Like most Latin American philosophers, Unger's work is decidedly Western, his training in philosophy being a mixture of analytic philosophy, and Christian morality. Though certainly aware of the complexity of its own history, Latin American philosophy is often little concerned with what historically counts as genuinely Latin American (e.g., Mayan, Aztec, or some other indigenous thought). Like Mexico's Octavio Paz, Unger strives to forge an identity for his people, whose identity is always already to some extent erased, nations of peoples who are caught on that curious precipice where Latin America meets Europe and the United States.

The liberal character of Unger's work is consistent with many of the intellectual avant-garde of today, not the least of which is the neopragmatist Richard Rorty, who wrote of him that, "his work has a better chance than most to be linked with a world-changing event", and the African American theorist Cornel West, with whom Unger co-authored The Future of American Progressivism. Unger's work is also described by the author as directly in the tradition of 'political Marxists', notably Antonio Gramsci.

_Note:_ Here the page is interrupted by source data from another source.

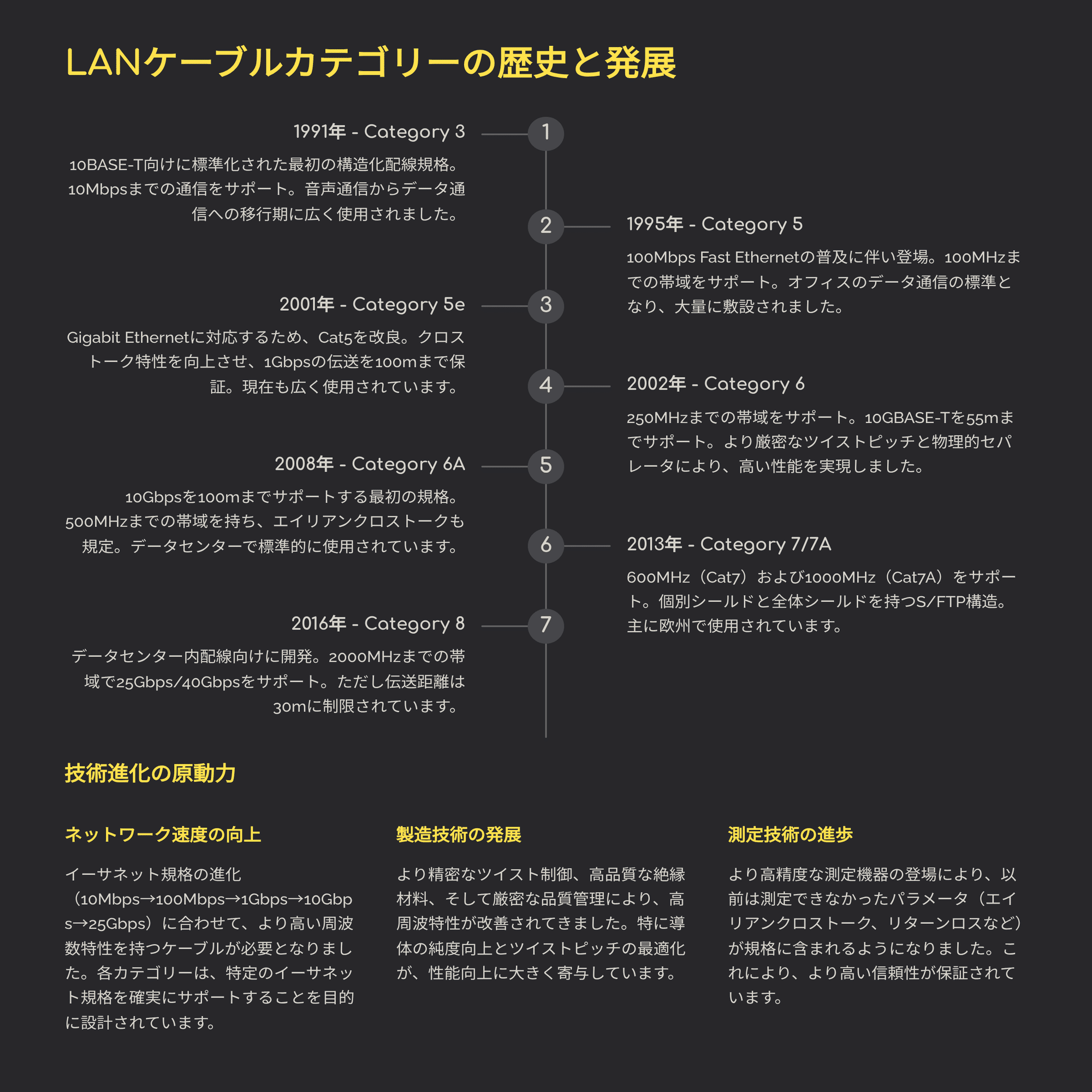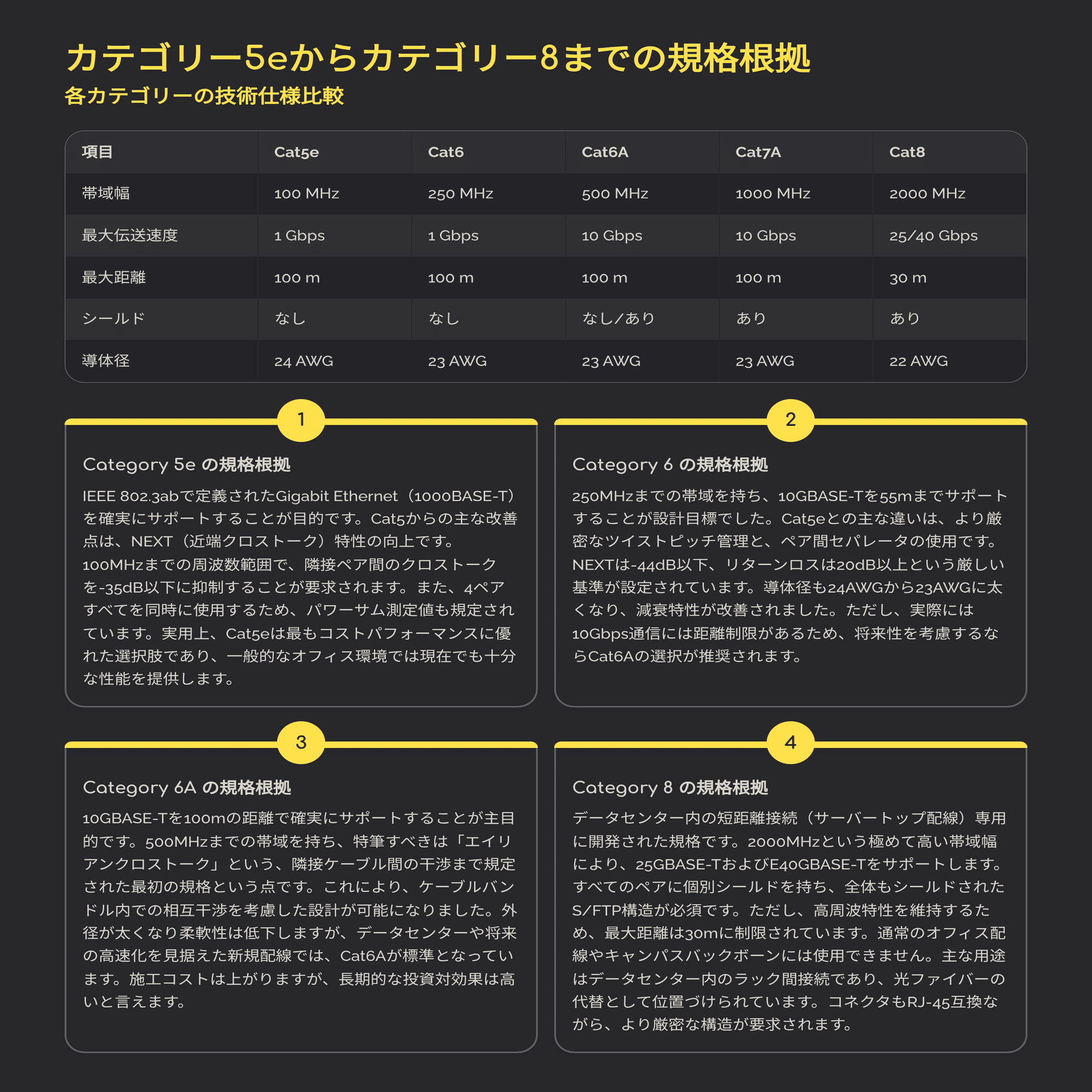 Cat7とCat8は、厳密にはTIA/EIA規格(北米の標準規格)では認定されていない。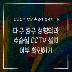 대구 중구 성형외과 수술실 CCTV 설치 여부 확인하기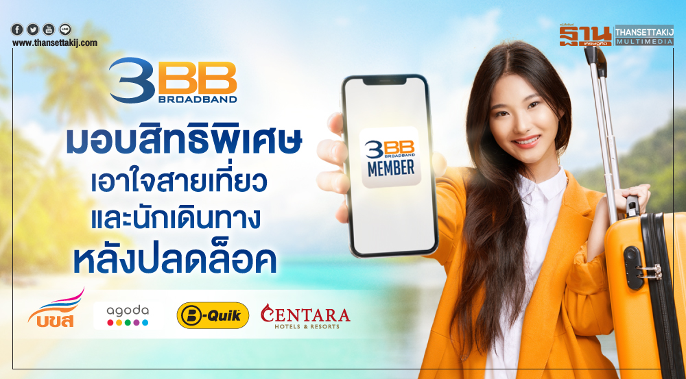 ในช่วงเวลาปลดล็อคแบบนี้ เชื่อว่าหลายๆคนกำลังวางแผนออกเดินทางท่องเที่ยวเพื่อพักผ่อนตามสถานที่ต่างๆ หรือจะเป็นการเดินทางกลับภูมิลำเนา พบปะญาติพี่น้อง เพื่อนสนิทให้หายคิดถึงหลังจากต้องกักตัวอยู่บ้านจากสถานการณ์ป้องกันการระบาดของโควิด-19 เป็นเวลาหลายเดือน 3BB จึงขอมอบความสุขและตอบแทนลูกค้าด้วยสิทธิพิเศษเพื่อเป็นส่วนลดค่าเดินทางและที่พักให้ลูกค้าได้ท่องเที่ยวแบบอุ่นใจ สบายกระเป๋า และถึงที่หมายแบบปลอดภัย

Unger has written many texts in English, Portugese, and Spanish. His English language bibliography of book-length texts includes:
  • Knowledge and Politics (1975)
  • Law in Modern Society: Toward a Criticism of Social Theory (1975)
  • Passion: An Essay on Personality (1984)
  • The Critical Legal Studies Movement (1986)
  • Politics: A Work in Constructive Social Theory (3 volumes, 1987)
  • What Should Legal Analysis Become? (1996)
  • Democracy Realized: The Progressive Alternative (1998)
  • The Future of American Progressivism: An Initiative for Political and Economic Reform (with Cornel West, 1998)
His works in Portugese include:
  • A alternativa transformadora: como democratizar o Brasil (1990)
  • O proximo passo: uma alternativa pratica ao neoliberalismo (with Ciro Gomes, 1996).

A few brief Roberto Unger quotes:

"Practical or material progress is the empowerment of humanity to act upon the world."

"Institutional innovations must be completed by stories people can tell about danger and opportunity and in the reconciliation of solidarity."

"The most important fact about us: that we are greater than the institutions and cultures we build."